Kim Janey

Amid a nationwide push to rethink policing strategies and reduce the use of force when possible, a new Boston program seeks to scale back police involvement in 911 mental-health calls.

Last month, Acting Mayor Kim Janey announced a pilot program encouraging greater use of mental-health workers, EMTs and trained community members during 911 mental health calls. In a city that received 10,000 such calls last year, officials are seeking to de-escalate fragile mental-health interactions while easing the strain on police resources.

“This mental-health response will help us evaluate how to deliver the best possible response for our residents when they are in crisis,” Janey said during an Aug. 5 press conference. “These investments will help connect residents and their families with the care they need. They will also help us send officers to where they are needed most.”

In April, Janey asked the city’s Mental Health Crisis Response Working Group to design a pilot program to strengthen Boston’s mental-health response. For 15 weeks, leaders from the city’s Health and Human Services Cabinet, along with police, emergency medical services and the mayor’s office, reviewed existing city protocols and best practices nationwide, surveyed residents, and held community listening sessions.

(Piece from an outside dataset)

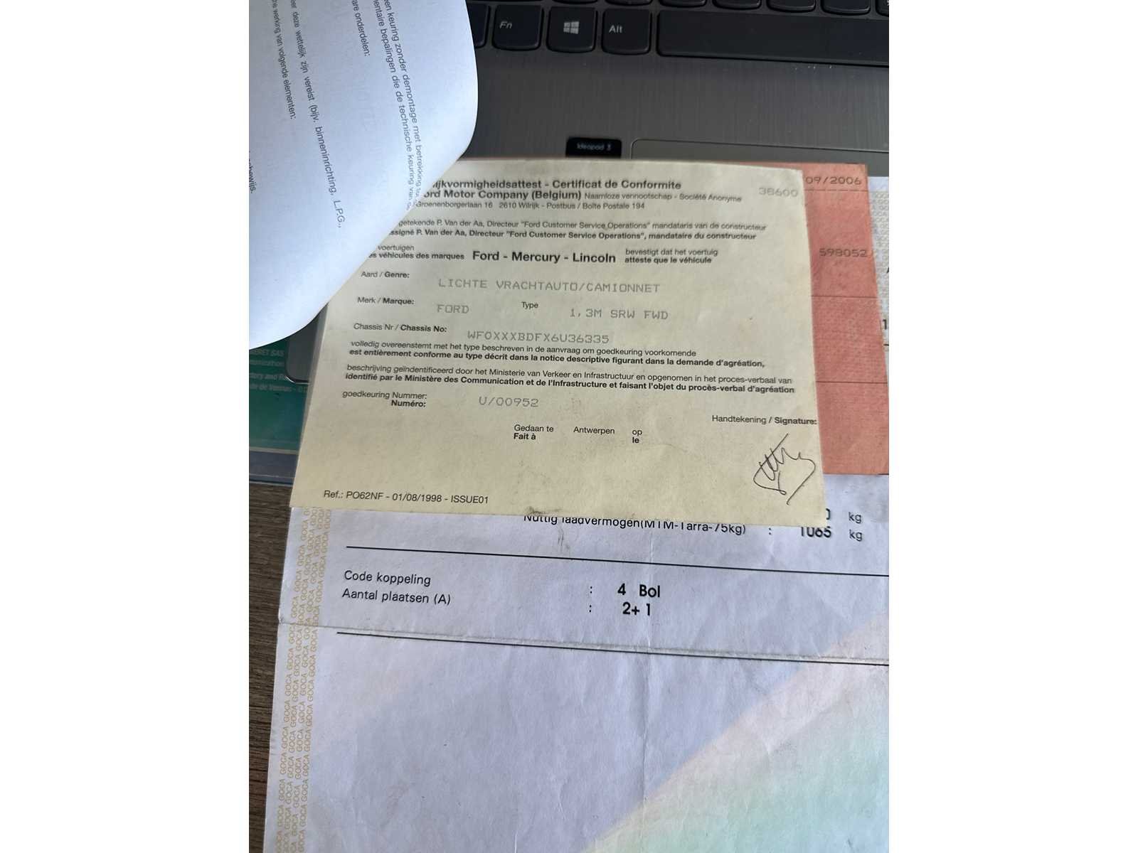 COMPLEET AANWEZIG WEL WAT ROEST PAPIEREN OK RIJD GOED Nee Merk: FORD Model: TRANSIT Bouwjaar: 2006 Afgelezen kilometerstand: 170000km Cilinderinhoud: 2200cc Vermogen (kW): 63kW Brandstof: DIESEL Chassisnummer: WF0XXXBDFX6U36335 Datum eerste toelating: 14-09-2006 Kleur: WIT Transmissie: MANUEEL Emissieklasse: 4 Aantal deuren: 3 Aantal sleutels: 1 Nationaliteit documenten: BELGIE Gelijkvormigheidsattest aanwezig: true Carpass: true Start en rijdt: JA Andere boorddocumenten: COMPLEET startinformatie : JA Inschrijvingsbewijs - deel 1 : AANWEZIG Inschrijvingsbewijs - deel 2: AANWEZIG

“We went into this conversation with people saying, ‘No police, no police, no police,’” said Marty Martinez, Boston’s health and human services chief. “That was the framing that we started with, and then we met with neighborhood groups who said, ‘No, we want it to be a better police response, not no police response.’”

The pilot program, which includes three models, introduces new approaches and formalizes other strategies that had already been employed on a case-by-case basis.

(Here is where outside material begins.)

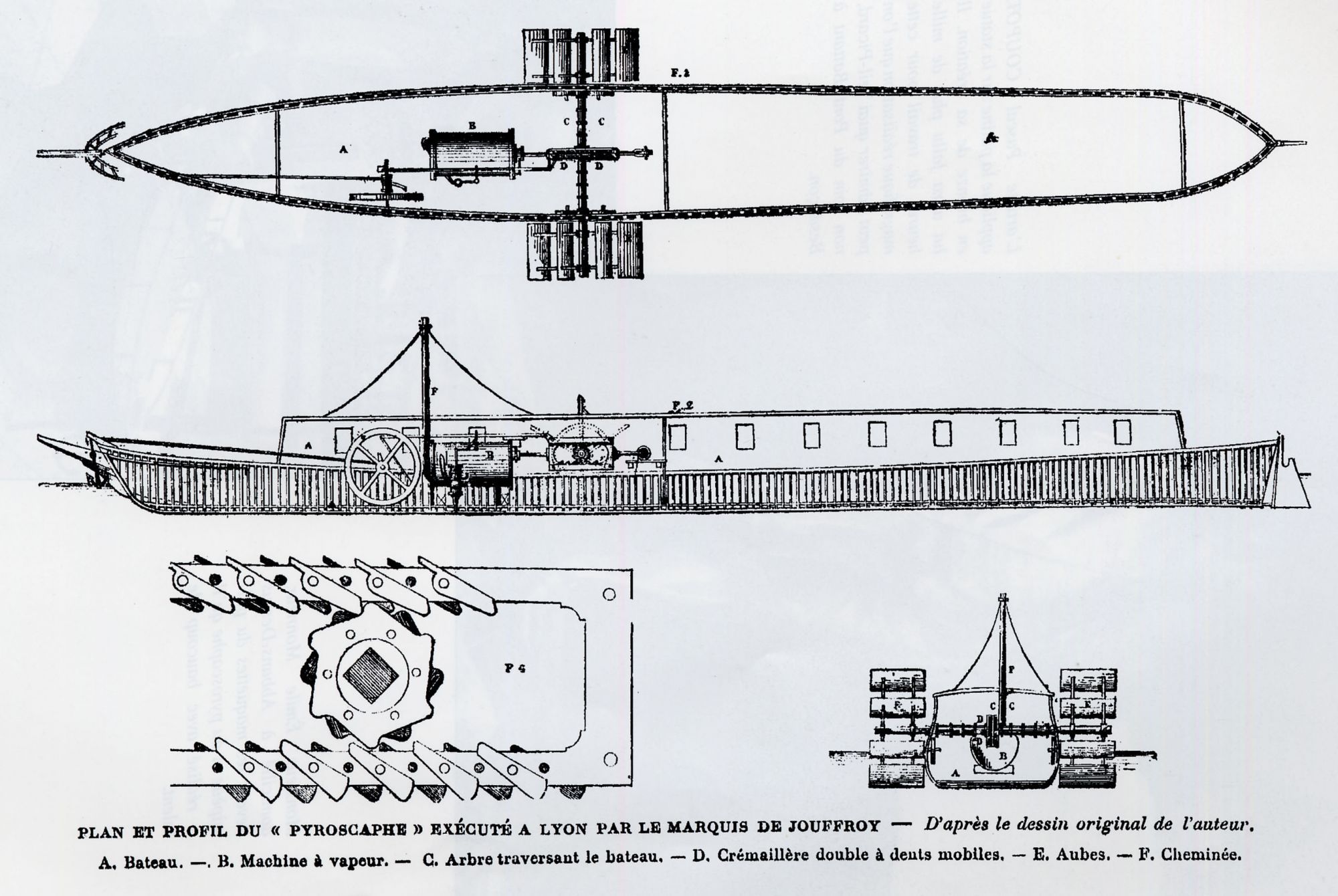 Il rentre à Abbans en 1778 où il élabore une nouvelle machine ; des rames articulées, mues par un moteur à vapeur, propulsent une barque. Il poursuit ses expériences et en 1783 lance sur la Saône le Pyroscaphe, long de 46 m, dont les roues à aubes sont actionnées par une machine à deux cylindres. Incompris de ces contemporains, il émigre durant la Terreur. Rentré en 1795, il refuse de travailler pour Napoléon.

The first model, co-response, pairs police officers and mental-health workers for calls posing public-safety risks. Beginning this month, dispatchers will automatically ask if co-response teams are available to respond to those mental-health calls; in the past, they had done so on an ad hoc basis.

And starting in October, dedicated co-response cars carrying officers and mental-health workers will serve neighborhoods that produce the city’s highest volume of mental-health calls. These vehicles existed previously, but hadn’t responded to mental-health calls exclusively.

For mental-health calls not presenting public-safety risks, police will step back. In community meetings, Martinez said, residents described the anxiety caused by the sight of police officers.

“Just the presence of a uniform can do that in our communities, and we get that,” Martinez said. “And the police understand that as well. They don’t want to escalate a situation that doesn’t need to be.”

For those calls, the second model will pair teams of EMTs and mental-health workers. The city is working out the details with the unions, which have expressed support for the overall plan, Martinez said. When finalized, this model of response will be made available citywide.

In the third model, the city will engage trained community members paid by nonprofits. This month, the city plans to issue a request for proposals for a facilitator to lead that effort, and in December it hopes to begin a community-design process to develop this model further.

Martinez said dispatchers already have extensive training in analyzing risk in 911 calls, and additional training is expected. The city will also continue its decade-long partnership with the Boston Emergency Services Team, led by Boston Medical Center, which provides mental-health workers.

Boston will fund the pilot project with $1.75 million from the Health and Human Services’ fiscal 2022 budget, and plans to hire an evaluator to examine how the efforts have been working. Depending on the pilot’s outcomes, Martinez anticipates that more permanent programs will require a deeper financial investment.